When security and compliance teams talk about data classification, they speak in the language of regulations and standards. Personal Identifiable Information needs to be protected one way. Health data another way. Employee information in yet another way. And that’s before we get to IP and developer secrets.
And while approaching data security this way is obviously necessary, I want to introduce a different way of thinking about data security. When we look at a data asset, we should be classifying them by asking “Is this asset valuable for the amount of data it contains or the quality of data it contains?”?
Here’s what I mean. If an attacker is able to breach a bank’s records and steal a single customer record and credit card number, it’s an annoyance for the bank, and a major inconvenience for the customer. But the bank will simply resolve the issue directly with the customer. There’s no media attention. And it certainly doesn’t have an impact on the bank's business. On the other hand, if 10,000 customer records and credit card details were leaked… that’s another story.
This is what we can call ‘quantitative data’.
The risk to the company if the data is leaked is due to the type of data, yes, but perhaps more important is the amount of data.
But there’s another type of data that works in exactly the opposite way. This is what we can call ‘qualitative data’. This is data that is so sensitive that even a small amount being leaked would cause major damage. A good example of this type of data is intellectual property or developer secrets. An attacker doesn’t need a huge file to affect the business with a breach. Even a piece of source code or a single certification could be catastrophic.
Most data an organization has can be classified as either ‘qualitative’ or ‘quantitative’. And there’s very little they have in common, both in how they’re used and how they’re secured.
Quantitative data moves. Its schema changes. It evolves, moving in and out of the organization. It’s used in BI tools, added to data pipelines, and extracted via ETLs. It’s also subject to data retention policies and regulations.

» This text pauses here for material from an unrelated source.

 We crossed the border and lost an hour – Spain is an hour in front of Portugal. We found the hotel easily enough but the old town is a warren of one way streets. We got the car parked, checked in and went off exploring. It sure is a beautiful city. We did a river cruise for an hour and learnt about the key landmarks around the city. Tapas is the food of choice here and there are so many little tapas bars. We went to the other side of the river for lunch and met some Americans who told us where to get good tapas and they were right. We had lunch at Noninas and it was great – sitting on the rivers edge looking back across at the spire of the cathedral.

Qualitative data is exactly the opposite. It doesn’t move at all. Maybe certain developer secrets have a refresh token, but other than that there’s no real data retention policies. The data does not move through pipelines, it’s not extracted, and it certainly doesn’t leave the organization.

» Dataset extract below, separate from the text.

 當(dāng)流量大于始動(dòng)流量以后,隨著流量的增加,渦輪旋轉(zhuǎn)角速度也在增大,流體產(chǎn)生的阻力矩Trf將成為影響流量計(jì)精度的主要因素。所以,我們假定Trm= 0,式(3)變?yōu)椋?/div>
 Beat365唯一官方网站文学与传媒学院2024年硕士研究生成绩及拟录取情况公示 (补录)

So how does this affect how we approach data security?
When it comes to quantitative data, it’s much easier to find and classify this data - and not just because of the size of the asset. A classification tool uses probabilities to identify data - if it sees that 95% of the data in a column contains email addresses, it will label it as ‘email’. And it might have varying degrees of certainty based on each asset.
Qualitative data classification and security can’t work like this. There’s no such thing as ‘50% of a certificate’. It’s either a cert or not. For this reason, identifying qualitative data is much more of a challenge, but securing it is simpler because it doesn’t need to move.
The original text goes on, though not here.